Eric Lee / smarc-fsl-linux-kernel

14 Aug, 2011

2 commits

5710f15b5 sched/cpupri: Remove cpupri->pri_active ... Browse Code »

Since [sched/cpupri: Remove the vec->lock], member pri_active
of struct cpupri is not needed any more, just remove it. Also
clean stuff related to it.

Signed-off-by: Yong Zhang
Signed-off-by: Peter Zijlstra
Link: http://lkml.kernel.org/r/20110806001004.GA2207@zhy
Signed-off-by: Ingo Molnar

Yong Zhang
2011-08-14 18:01:11 +0800
c92211d9b sched/cpupri: Remove the vec->lock ... Browse Code »

sched/cpupri: Remove the vec->lock

The cpupri vec->lock has been showing up as a top contention
lately. This is because of the RT push/pull logic takes an
agressive approach for migrating RT tasks. The cpupri logic is
in place to improve the performance of the push/pull when dealing
with large number CPU machines.

The problem though is a vec->lock is required, where a vec is a
global per RT priority structure. That is, if there are lots of
RT tasks at the same priority, every time they are added or removed
from the RT queue, this global vec->lock is taken. Now that more
kernel threads are becoming RT (RCU boost and threaded interrupts)
this is becoming much more of an issue.

There are two variables that are being synced by the vec->lock.
The cpupri bitmask, and the vec->counter. The cpupri bitmask
is one bit per priority. If a RT priority vec has a process queued,
then the vec->count is > 0 and the cpupri bitmask is set for that
RT priority.

If the cpupri bitmask gets out of sync with the vec->counter, we could
end up pushing a low proirity RT task to a high priority queue.
That RT task that could have run immediately could be queued on a
run queue with a higher priority task indefinitely.

The solution is not to use the cpupri bitmask and just look at the
vec->count directly when doing a pull. The cpupri bitmask is just
a fast way to scan the RT priorities when a pull is made. Instead
of using the bitmask, and just examine all RT priorities, and
look at the vec->counts, we could eliminate the vec->lock. The
scan of RT tasks is to find a run queue that we can push an RT task
to, and we do not push to a high priority queue, thus the scan only
needs to go from 1 to RT task->prio, and not all 100 RT priorities.

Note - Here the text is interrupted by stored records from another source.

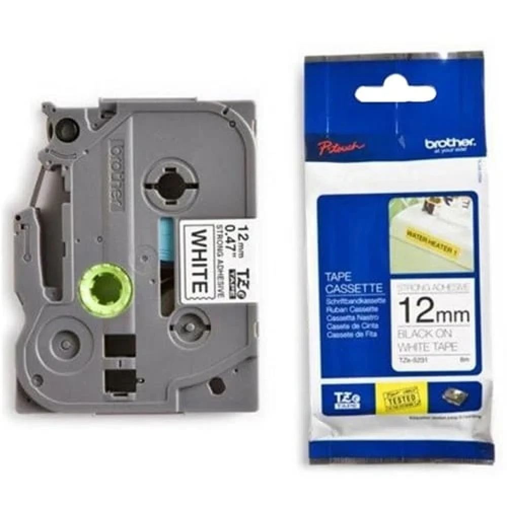 Лента Brother TZES231, 12 mm, черен печат върху бяла лента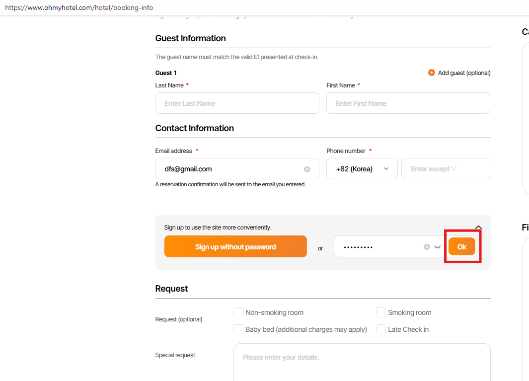 Input PW in Non member booking pop up - "Ok" btn is out of frame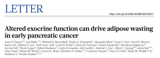 Laura V. Dana. Ana Babic, Michael H. Rosenthal, Emily A. Dennstedt, Alexander Muir. Altered exocrine function can drive adipose wasting in early pancreatic cancer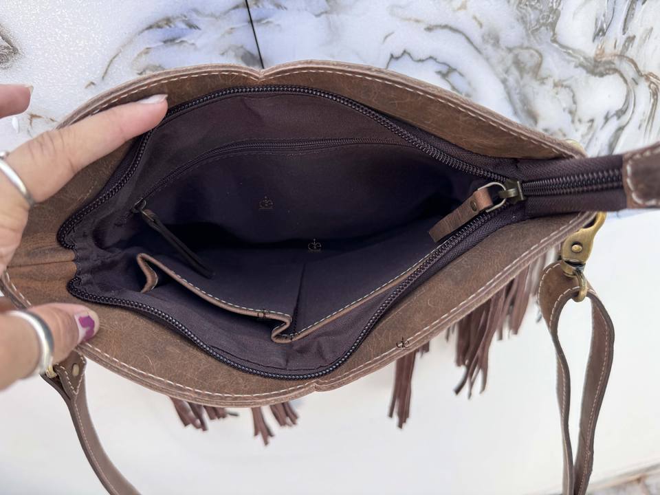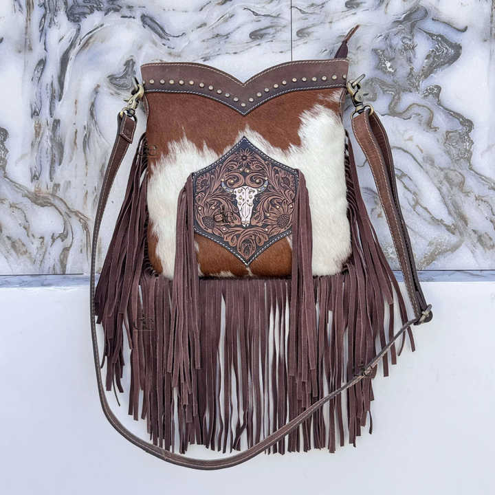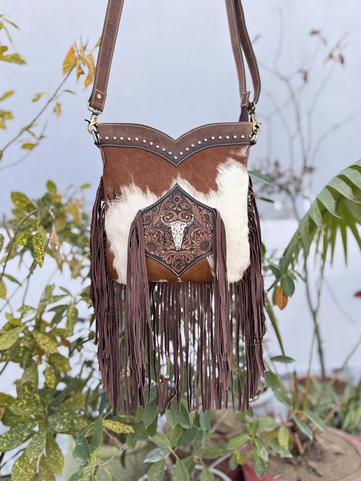 Hottest Sale Hand Tooled Leather Fringe Sling Bag Stylish Purse Cowhide Fur Leather Bags for Women's Multi Use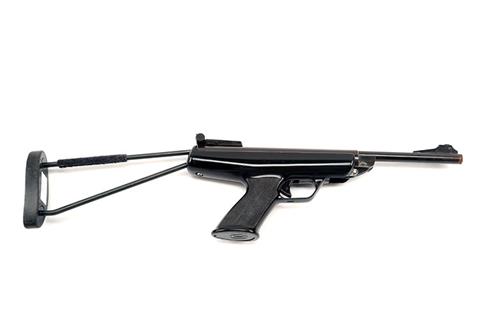 A .177 BREAK-BARREL AIR-PISTOL SIGNED BSA, MODEL 'SCORPION', serial no. PA39654, WITH SHOULDER-STOCK, early model, with 8in. barrel, ramp fore-sight, adjustable rear-sight fitted at end of air-chamber, no telescopic sight rails, black plastic receiver and integral chequered grip, missing safety catch and cocking-aid; TOGETHER WITH an amateur integral wire skeleton stock, competently produced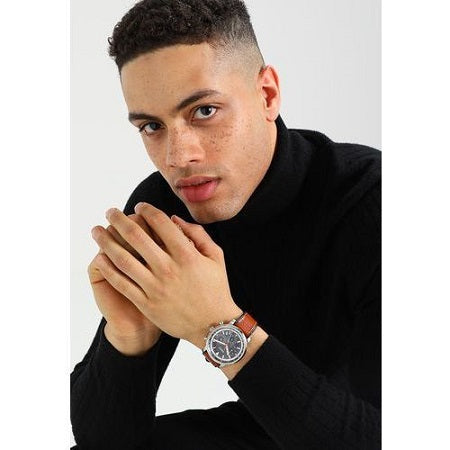 Fossil Goodwin Chronograph Blue Dial Brown Leather Strap Watch for Men - FS5414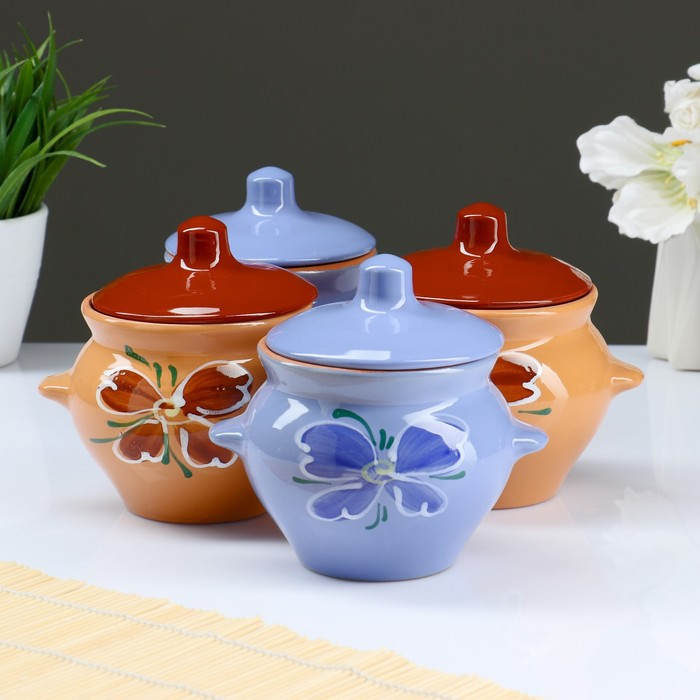 Набор горшков №5 с ручками 4х0,5л, МИКС

The push algorithm, which does the scan of RT priorities (and
scan of the bitmask) only happens when we have an overloaded RT run
queue (more than one RT task queued). The grabbing of the vec->lock
happens every time any RT task is queued or dequeued on the run
queue for that priority. The slowing down of the scan by not using
a bitmask is negligible by the speed up of removing the vec->lock
contention, and replacing it with an atomic counter and memory barrier.

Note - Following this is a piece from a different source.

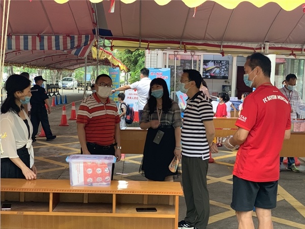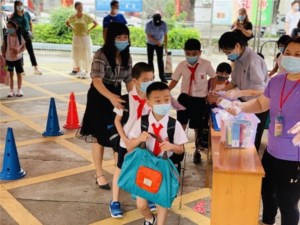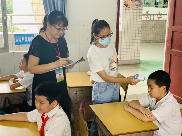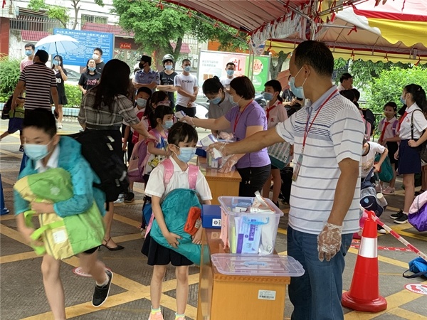 通往校園的河涌路上,孩子們按照學校制定的上學時間,實行錯峰上學。越靠近北區小學的遮雨棚,越看清排隊的孩子們一臉認真,聽從現場值日老師的引導,快速進入校園!今天是一、二和三年級返校復課的第二天,經過昨天的校園生活,低年級孩子們已經了解上學的秩序,學校的行政班子依然不懈怠地早早在校門口做好迎接全校學生上學的準備,即使是已經熟悉的測量體溫工作,值日老師們都一絲不茍地對待,面對全校學生錯峰進入校園,壓力不可小視,這種認真對待的態度是北小一貫的常態!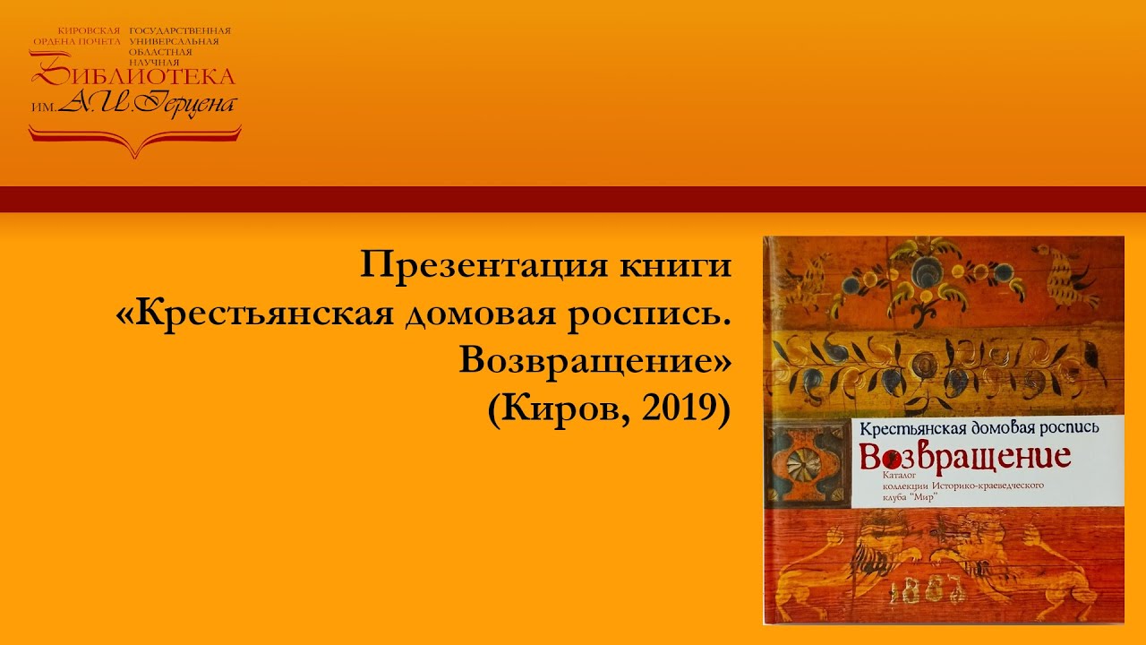Домовая крестьянская роспись – уникальный, но почти забытый сегодня вид русского народного искусства. Благодаря поддержке Фонда президентских грантов в 2019 году Центром русской культуры и письменности «Мир» был разработан и реализован проект по изучению и популяризации этого промысла. Итоговым событием воплощения проекта стал каталог «Крестьянская домовая роспись. Возвращение» (Вятка, 2019). Руководитель Историко-краеведческого клуба «Мир» Людмила Георгиевна Крылова познакомила зрителей с каталогом, в котором представлены 340 предметов крестьянской народной домовой росписи, собранные участниками Центра культуры и письменности «Мир» в результате 30-летней экспедиционной деятельности на Русском Севере. Также в презентации книги «Крестьянская домовая роспись. Возвращение» (Вятка, 2019) приняли участие кандидат исторических наук, доцент кафедры отечественной истории ВятГУ Елена Витальевна Кустова и руководитель научно-исследовательского Центра регионоведения Кировской областной научной библиотеки им. А. И. Герцена, доктор исторических наук, профессор Михаил Сергеевич Судовиков. Сайт библиотеки им. А. И. Герцена – http://herzenlib.ru/

To prove this, I wrote a patch that times both the loop and the code
that grabs the vec->locks. I passed the patches to various people
(and companies) to test and show the results. I let everyone choose
their own load to test, giving different loads on the system,
for various different setups.

Here's some of the results: (snipping to a few CPUs to not make
this change log huge, but the results were consistent across
the entire system).

System 1 (24 CPUs)

Before patch:
CPU: Name Count Max Min Average Total
---- ---- ----- --- --- ------- -----
[...]
cpu 20: loop 3057 1.766 0.061 0.642 1963.170
vec 6782949 90.469 0.089 0.414 2811760.503
cpu 21: loop 2617 1.723 0.062 0.641 1679.074
vec 6782810 90.499 0.089 0.291 1978499.900
cpu 22: loop 2212 1.863 0.063 0.699 1547.160
vec 6767244 85.685 0.089 0.435 2949676.898
cpu 23: loop 2320 2.013 0.062 0.594 1380.265
vec 6781694 87.923 0.088 0.431 2928538.224

After patch:
cpu 20: loop 2078 1.579 0.061 0.533 1108.006
vec 6164555 5.704 0.060 0.143 885185.809
cpu 21: loop 2268 1.712 0.065 0.575 1305.248
vec 6153376 5.558 0.060 0.187 1154960.469
cpu 22: loop 1542 1.639 0.095 0.533 823.249
vec 6156510 5.720 0.060 0.190 1172727.232
cpu 23: loop 1650 1.733 0.068 0.545 900.781
vec 6170784 5.533 0.060 0.167 1034287.953

All times are in microseconds. The 'loop' is the amount of time spent
doing the loop across the priorities (before patch uses bitmask).
the 'vec' is the amount of time in the code that requires grabbing
the vec->lock. The second patch just does not have the vec lock, but
encompasses the same code.

Amazingly the loop code even went down on average. The vec code went
from .5 down to .18, that's more than half the time spent!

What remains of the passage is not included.